Showing posts with label # Direction. Show all posts
Showing posts with label # Direction. Show all posts

Wednesday, 27 May 2015

Showing Character Growth In 2 Simple Shots.

I recently saw Adam. An obscure love story about how the eponymous Adam (Hugh Dancy from Hannibal) despite having Asperger's Syndrome manages to learn how to love and also overcome some drawbacks of his condition. Now on paper, it sounds like a standard love with a dash of diseaste type of story but it translates well on screen.

A lot of credit goes to Hugh Dancy's acting chops. He wins our hearts over by making Adam's social anxieties relatable. For example, there are a bunch of times in the movie where Adam doesn't know how to react to his girlfriend Beth's (a subpar Rose Byrne) emotional needs. Now even if you are the most well-adjusted human being out there, I'm sure you too have found yourself at odds while dealing with a loved one. Dancy presents Adam's anxieties with a mix of social awkwardness and a nonchalant bemused demeanour. Just like us he wants to help but isn't sure on how to do it.

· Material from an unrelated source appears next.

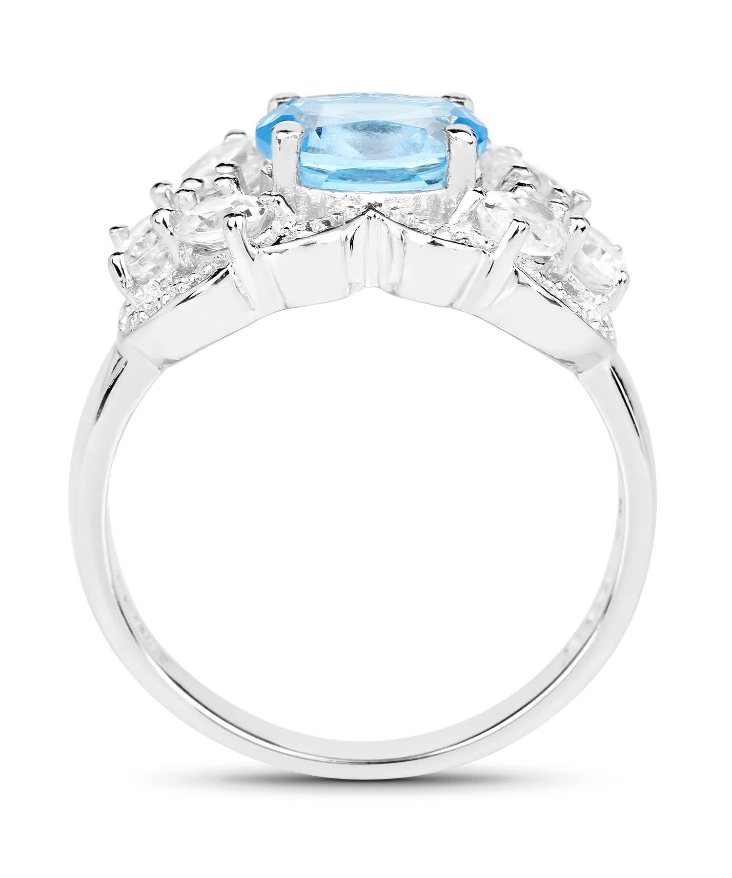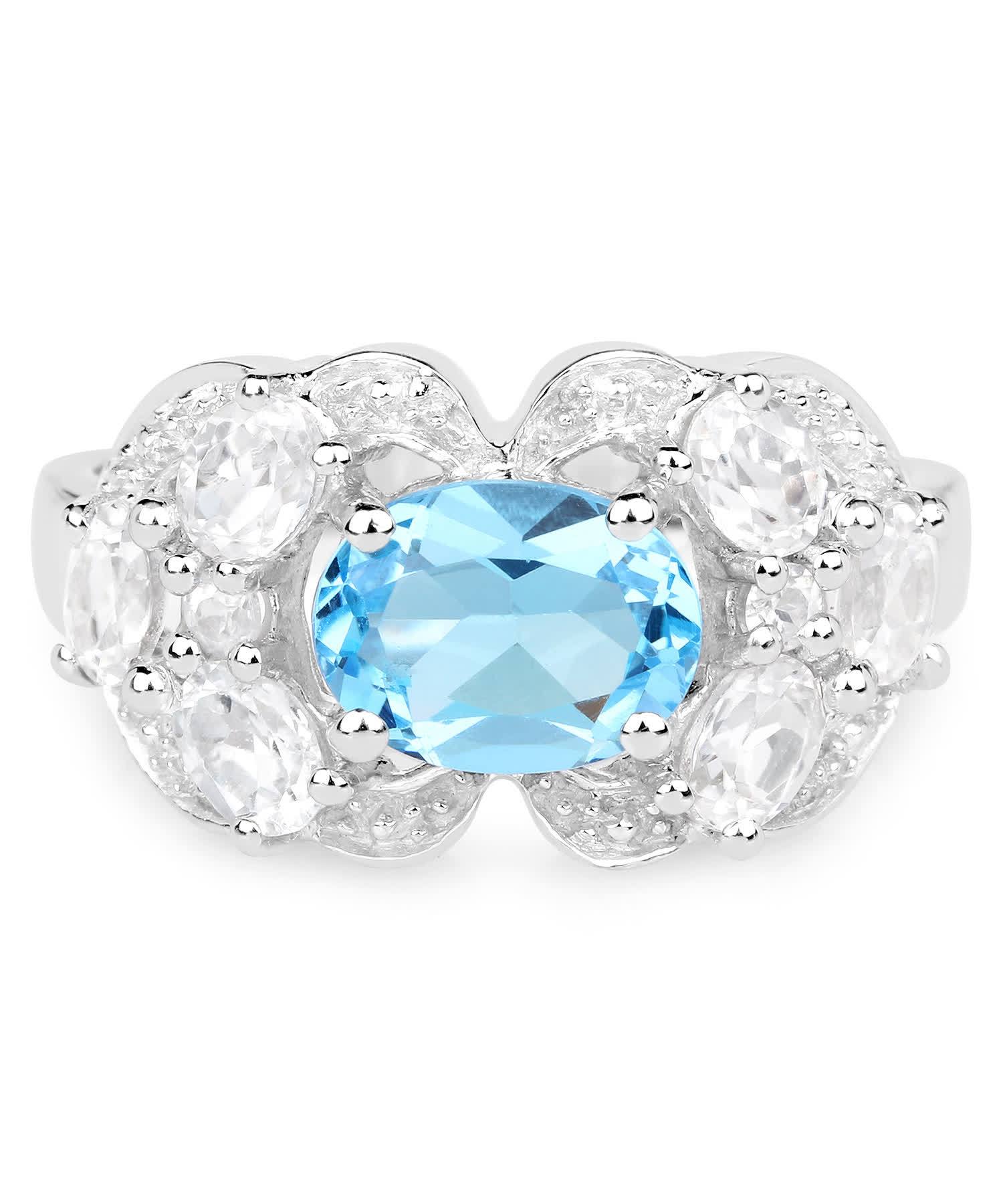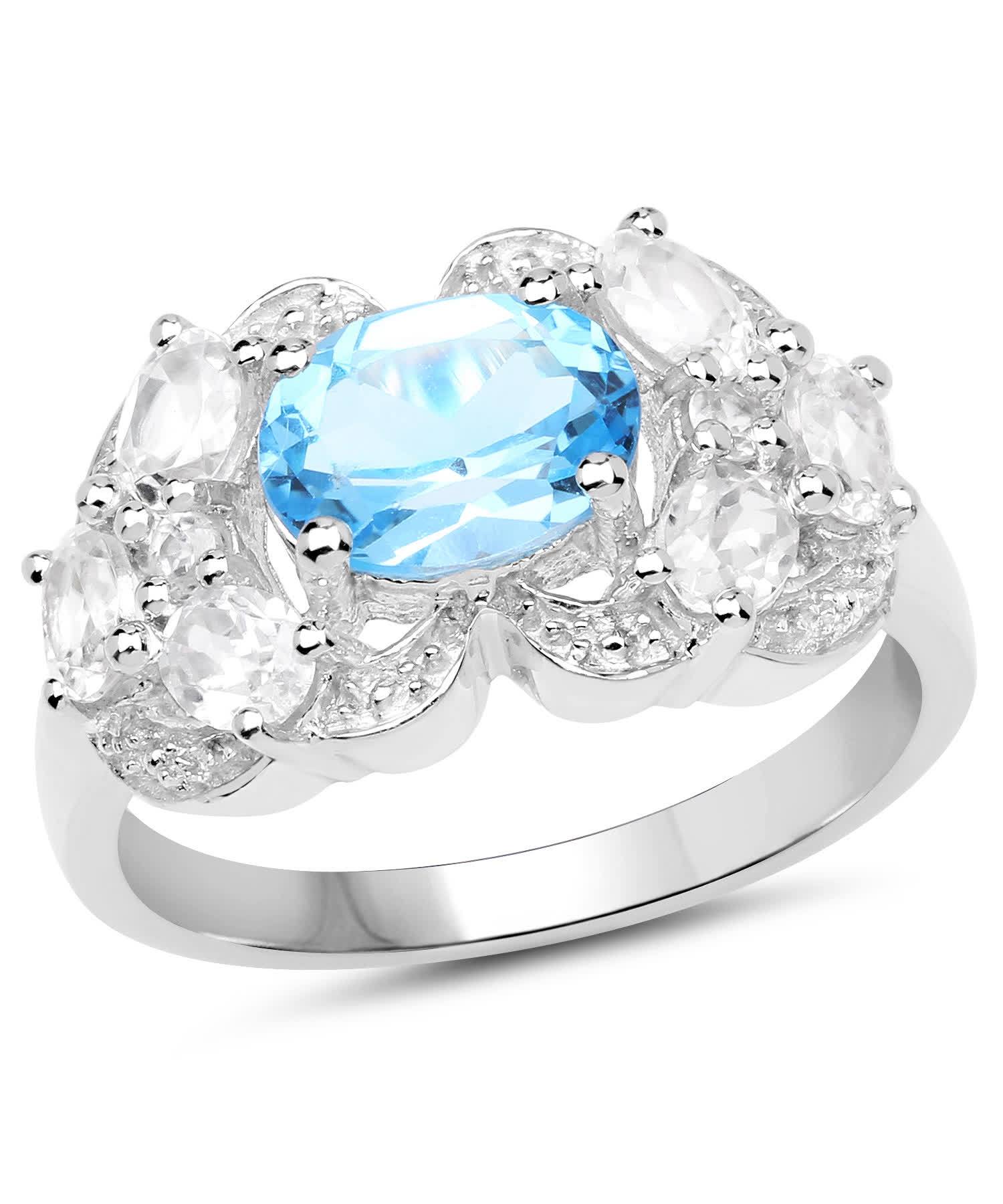 3.20 ctw Natural Sky Blue Topaz and Zircon Rhodium Over 925 Sterling Silver Ring

So every time he comforts Beth, it shows that he's managed to come closer to her. To loving her in the way, that makes him for the lack of  a better expression, a more integrated person in our world. As a director, Max Mayer had several ways of showing this. Instead he chooses this neat trick.


This is one of the opening shots of the film. Adam is about to attend his father's funeral. This is his last goodbye to the man whose support saw him lead a comfortable life. He's at the dining table, passively eating his cereal. No signs of discomfort. He's alone here but there's no hint of loneliness. 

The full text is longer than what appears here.